About this exercise >> Pictures must not appear in the copy. Restate exactly the lines below from the one with "Ketua Persit KCK" through the one with "[WITH GRANT OPTION];//授予权限REVOKE", inclusive.

Provided entries >>

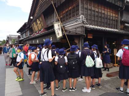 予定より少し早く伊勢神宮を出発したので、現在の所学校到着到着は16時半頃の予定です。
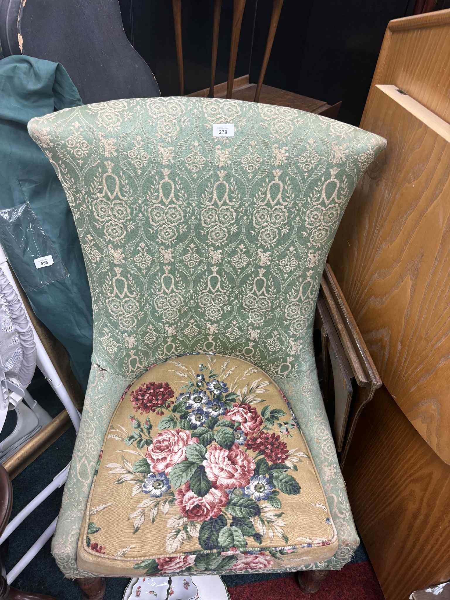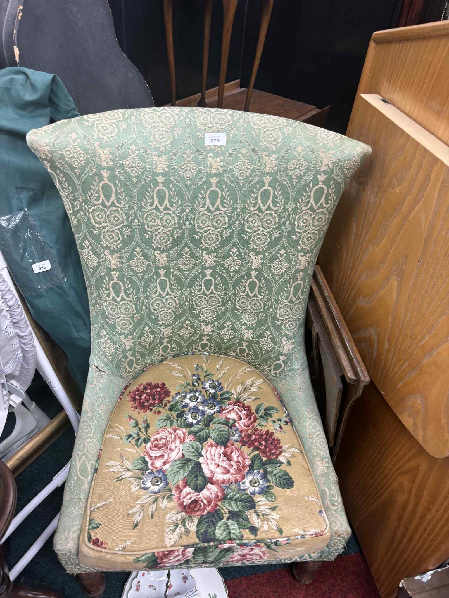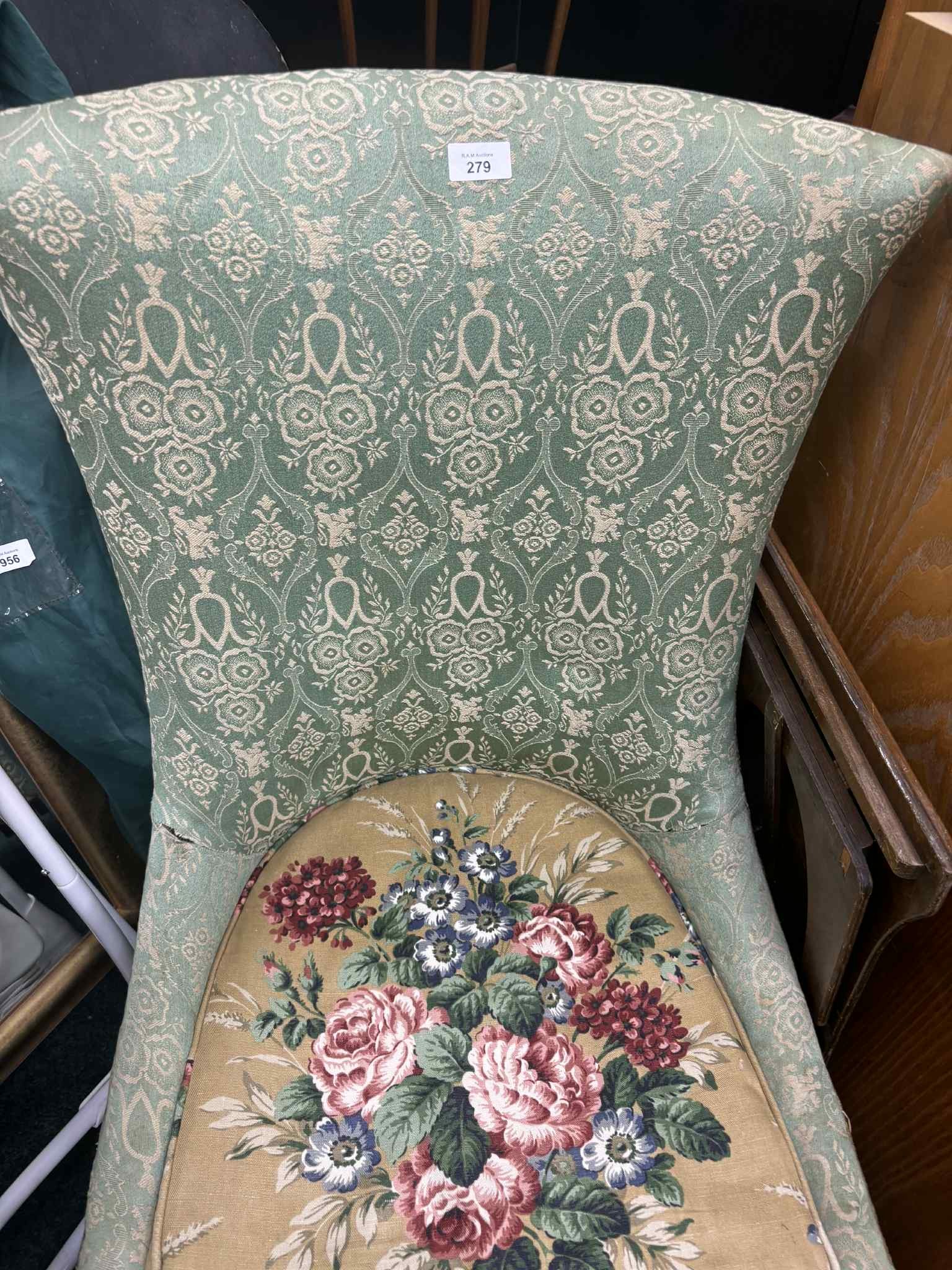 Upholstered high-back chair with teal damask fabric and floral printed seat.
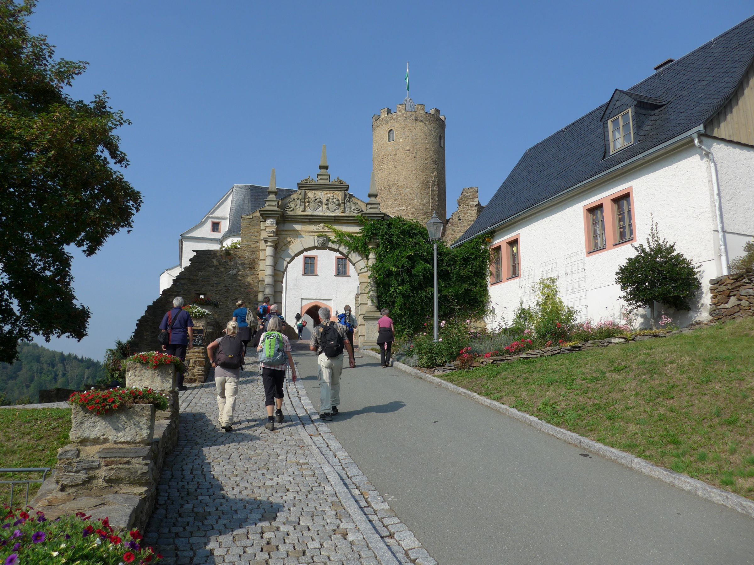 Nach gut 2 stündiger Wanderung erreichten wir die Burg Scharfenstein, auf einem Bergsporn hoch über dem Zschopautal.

==

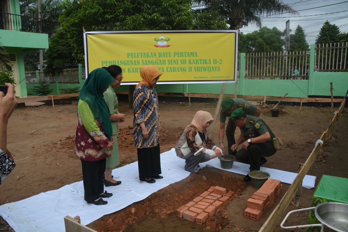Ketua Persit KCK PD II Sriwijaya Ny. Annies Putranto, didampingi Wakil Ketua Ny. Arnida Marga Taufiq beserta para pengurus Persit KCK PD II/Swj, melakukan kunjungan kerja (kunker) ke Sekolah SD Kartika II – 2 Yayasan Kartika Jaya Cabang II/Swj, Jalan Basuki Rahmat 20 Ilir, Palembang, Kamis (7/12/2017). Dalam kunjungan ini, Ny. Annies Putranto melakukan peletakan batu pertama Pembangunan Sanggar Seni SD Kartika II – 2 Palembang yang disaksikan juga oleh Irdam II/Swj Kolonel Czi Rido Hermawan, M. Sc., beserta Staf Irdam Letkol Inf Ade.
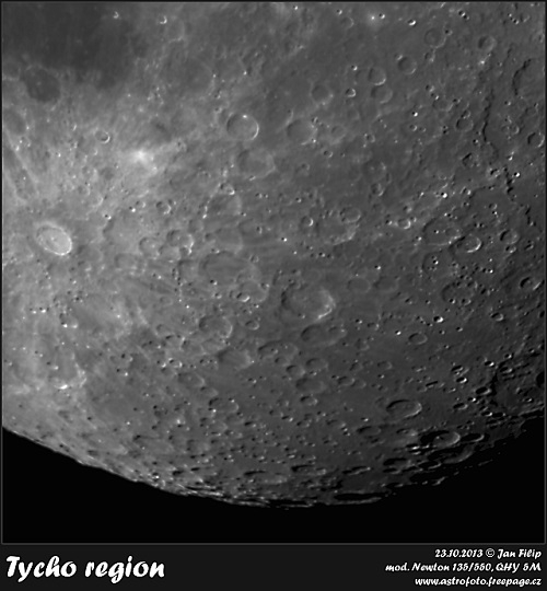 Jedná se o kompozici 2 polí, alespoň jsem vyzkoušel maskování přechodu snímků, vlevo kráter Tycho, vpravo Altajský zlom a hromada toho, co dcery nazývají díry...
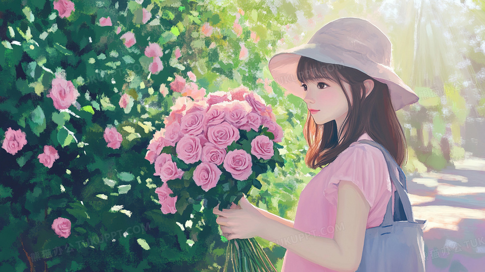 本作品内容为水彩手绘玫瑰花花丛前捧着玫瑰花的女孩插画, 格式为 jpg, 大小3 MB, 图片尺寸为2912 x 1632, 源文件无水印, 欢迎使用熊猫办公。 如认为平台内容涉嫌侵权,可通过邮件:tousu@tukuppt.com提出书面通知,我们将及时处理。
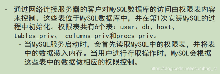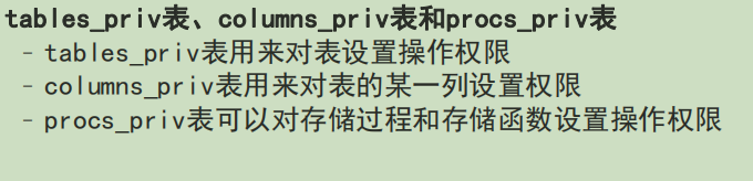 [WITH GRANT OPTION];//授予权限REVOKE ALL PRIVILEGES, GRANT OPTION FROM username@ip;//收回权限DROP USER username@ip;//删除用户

Written solution >>
Ketua Persit KCK PD II Sriwijaya Ny. Annies Putranto, didampingi Wakil Ketua Ny. Arnida Marga Taufiq beserta para pengurus Persit KCK PD II/Swj, melakukan kunjungan kerja (kunker) ke Sekolah SD Kartika II – 2 Yayasan Kartika Jaya Cabang II/Swj, Jalan Basuki Rahmat 20 Ilir, Palembang, Kamis (7/12/2017). Dalam kunjungan ini, Ny. Annies Putranto melakukan peletakan batu pertama Pembangunan Sanggar Seni SD Kartika II – 2 Palembang yang disaksikan juga oleh Irdam II/Swj Kolonel Czi Rido Hermawan, M. Sc., beserta Staf Irdam Letkol Inf Ade.
 Jedná se o kompozici 2 polí, alespoň jsem vyzkoušel maskování přechodu snímků, vlevo kráter Tycho, vpravo Altajský zlom a hromada toho, co dcery nazývají díry...
 本作品内容为水彩手绘玫瑰花花丛前捧着玫瑰花的女孩插画, 格式为 jpg, 大小3 MB, 图片尺寸为2912 x 1632, 源文件无水印, 欢迎使用熊猫办公。 如认为平台内容涉嫌侵权,可通过邮件:tousu@tukuppt.com提出书面通知,我们将及时处理。
 [WITH GRANT OPTION];//授予权限REVOKE ALL PRIVILEGES, GRANT OPTION FROM username@ip;//收回权限DROP USER username@ip;//删除用户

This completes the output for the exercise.